# Raw data:
··········
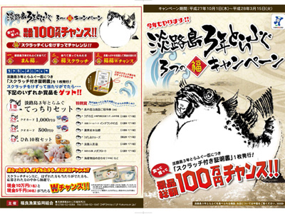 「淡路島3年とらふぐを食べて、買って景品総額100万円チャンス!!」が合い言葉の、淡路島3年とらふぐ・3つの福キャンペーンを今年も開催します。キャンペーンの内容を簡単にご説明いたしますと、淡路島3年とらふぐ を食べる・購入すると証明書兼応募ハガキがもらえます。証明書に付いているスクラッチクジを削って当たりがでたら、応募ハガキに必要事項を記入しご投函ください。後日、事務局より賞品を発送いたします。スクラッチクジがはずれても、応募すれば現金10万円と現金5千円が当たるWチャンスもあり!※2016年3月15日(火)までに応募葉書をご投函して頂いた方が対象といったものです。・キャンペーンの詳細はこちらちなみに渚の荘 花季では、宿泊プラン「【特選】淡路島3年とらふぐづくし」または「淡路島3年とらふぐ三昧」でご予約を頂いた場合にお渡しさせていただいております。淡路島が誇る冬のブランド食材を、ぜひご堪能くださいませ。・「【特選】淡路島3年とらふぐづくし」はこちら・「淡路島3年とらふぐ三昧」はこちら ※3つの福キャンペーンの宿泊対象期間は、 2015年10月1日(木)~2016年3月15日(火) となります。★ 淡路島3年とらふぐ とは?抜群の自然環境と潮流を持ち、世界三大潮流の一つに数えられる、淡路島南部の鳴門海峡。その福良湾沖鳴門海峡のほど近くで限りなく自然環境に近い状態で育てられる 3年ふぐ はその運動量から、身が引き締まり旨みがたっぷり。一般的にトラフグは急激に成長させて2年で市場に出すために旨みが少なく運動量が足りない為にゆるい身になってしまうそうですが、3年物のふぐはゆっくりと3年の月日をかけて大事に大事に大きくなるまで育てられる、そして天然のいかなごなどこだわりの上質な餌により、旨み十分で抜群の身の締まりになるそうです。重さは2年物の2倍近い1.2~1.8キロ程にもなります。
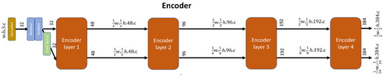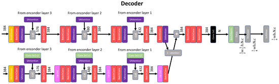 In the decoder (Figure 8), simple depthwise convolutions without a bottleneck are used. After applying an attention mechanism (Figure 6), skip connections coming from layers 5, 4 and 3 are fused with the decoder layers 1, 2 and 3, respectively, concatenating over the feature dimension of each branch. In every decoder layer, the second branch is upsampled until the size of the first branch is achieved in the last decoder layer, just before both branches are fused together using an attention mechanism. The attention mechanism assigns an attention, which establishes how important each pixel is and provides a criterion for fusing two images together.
··········
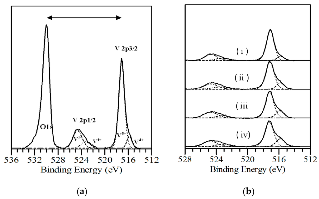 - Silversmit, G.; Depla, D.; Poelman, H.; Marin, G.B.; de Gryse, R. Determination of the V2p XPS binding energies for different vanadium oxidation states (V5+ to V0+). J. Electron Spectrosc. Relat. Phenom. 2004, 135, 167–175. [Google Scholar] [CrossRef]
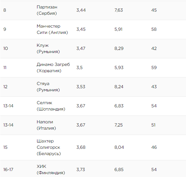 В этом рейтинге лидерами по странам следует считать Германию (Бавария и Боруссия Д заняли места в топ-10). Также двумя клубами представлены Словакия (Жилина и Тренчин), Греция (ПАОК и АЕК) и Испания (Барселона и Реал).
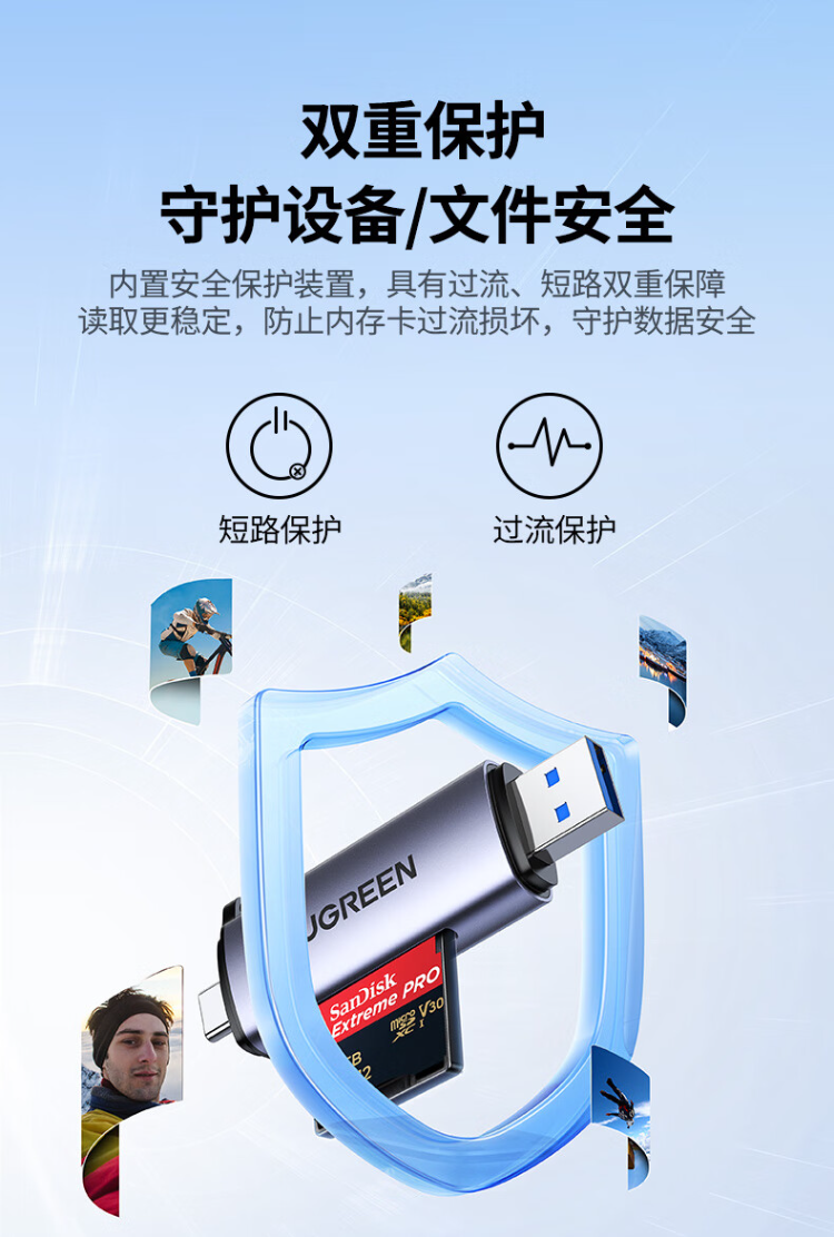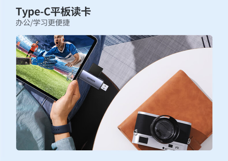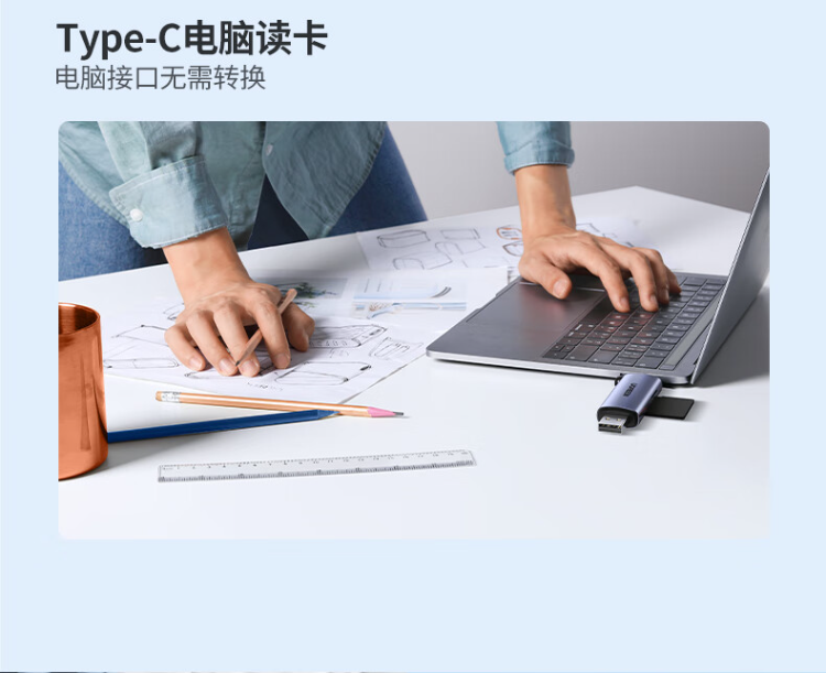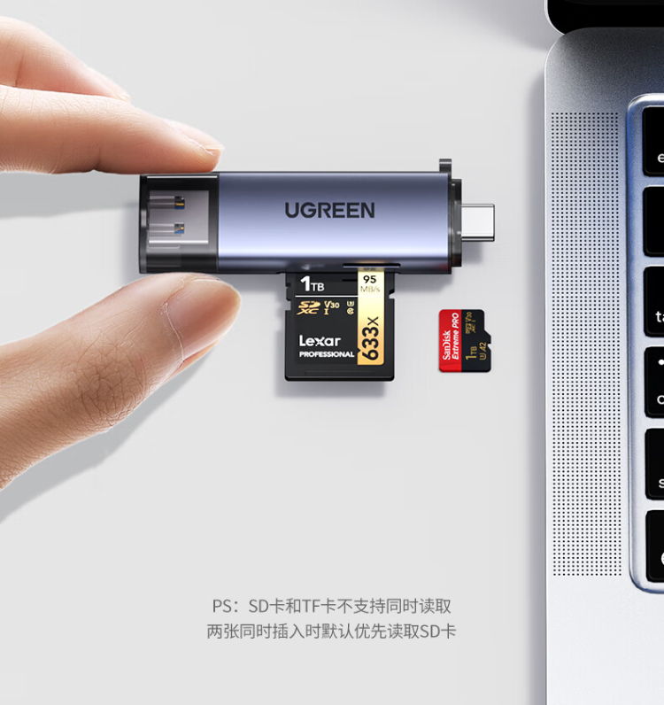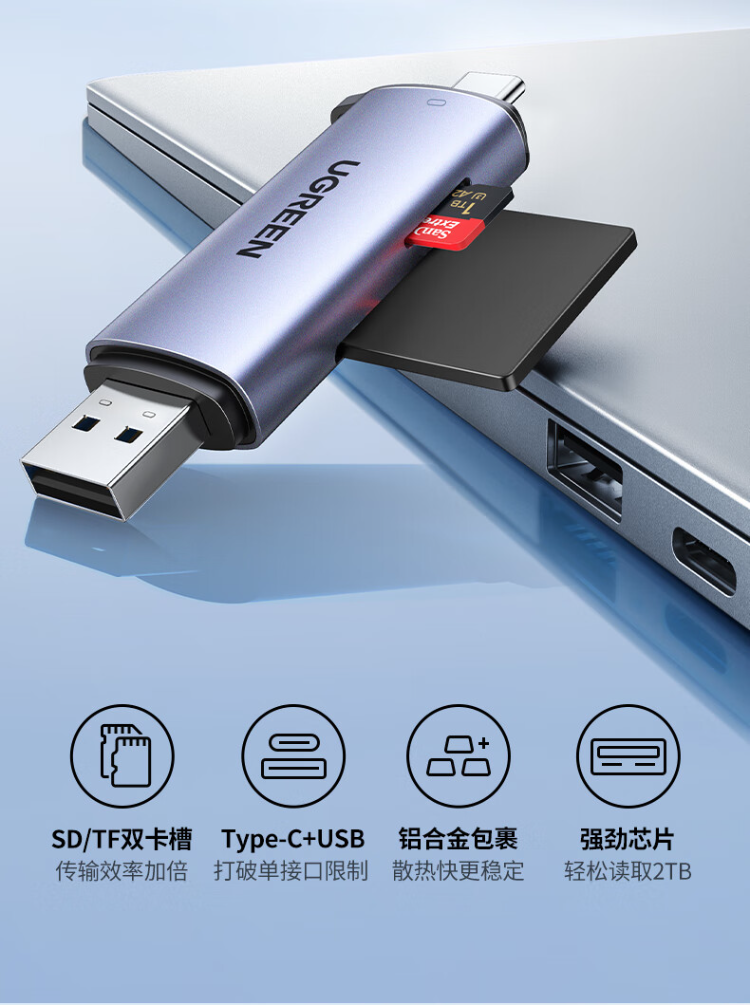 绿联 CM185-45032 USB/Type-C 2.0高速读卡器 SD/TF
··········
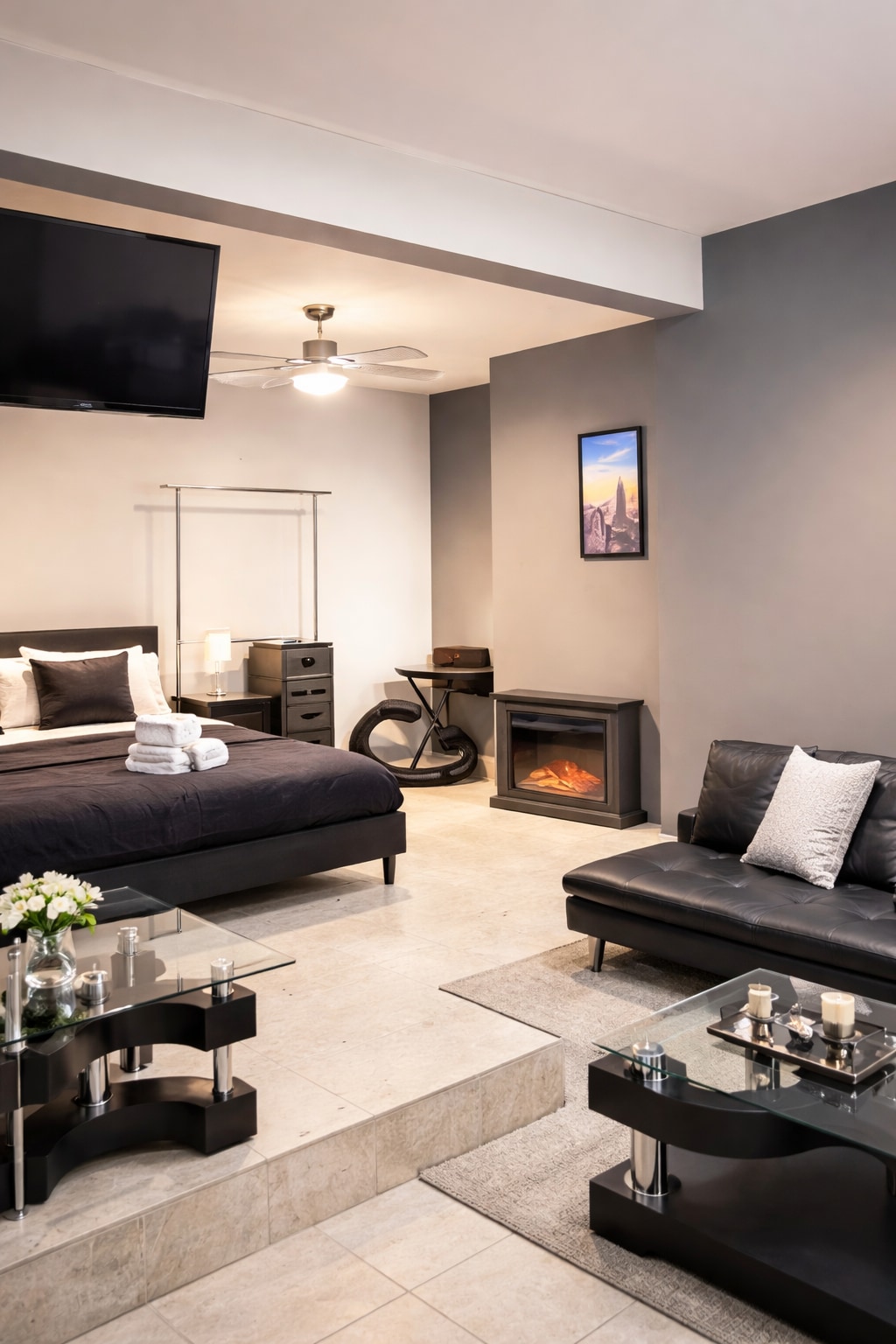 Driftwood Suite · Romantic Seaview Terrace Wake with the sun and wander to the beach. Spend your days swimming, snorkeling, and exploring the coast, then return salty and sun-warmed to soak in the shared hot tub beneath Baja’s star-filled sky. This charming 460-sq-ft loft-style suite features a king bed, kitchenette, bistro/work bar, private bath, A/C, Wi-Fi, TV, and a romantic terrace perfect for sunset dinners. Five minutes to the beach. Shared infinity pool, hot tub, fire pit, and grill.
··········
# What is being asked:
What you return from the records above should be exactly everything from the line with "- Silversmit, G.;" down to the line with "绿联 CM185-45032 USB/Type-C 2.0高速读卡器 SD/TF", both kept, and no pictures.

# Exercise response:
 - Silversmit, G.; Depla, D.; Poelman, H.; Marin, G.B.; de Gryse, R. Determination of the V2p XPS binding energies for different vanadium oxidation states (V5+ to V0+). J. Electron Spectrosc. Relat. Phenom. 2004, 135, 167–175. [Google Scholar] [CrossRef]
 В этом рейтинге лидерами по странам следует считать Германию (Бавария и Боруссия Д заняли места в топ-10). Также двумя клубами представлены Словакия (Жилина и Тренчин), Греция (ПАОК и АЕК) и Испания (Барселона и Реал).
 绿联 CM185-45032 USB/Type-C 2.0高速读卡器 SD/TF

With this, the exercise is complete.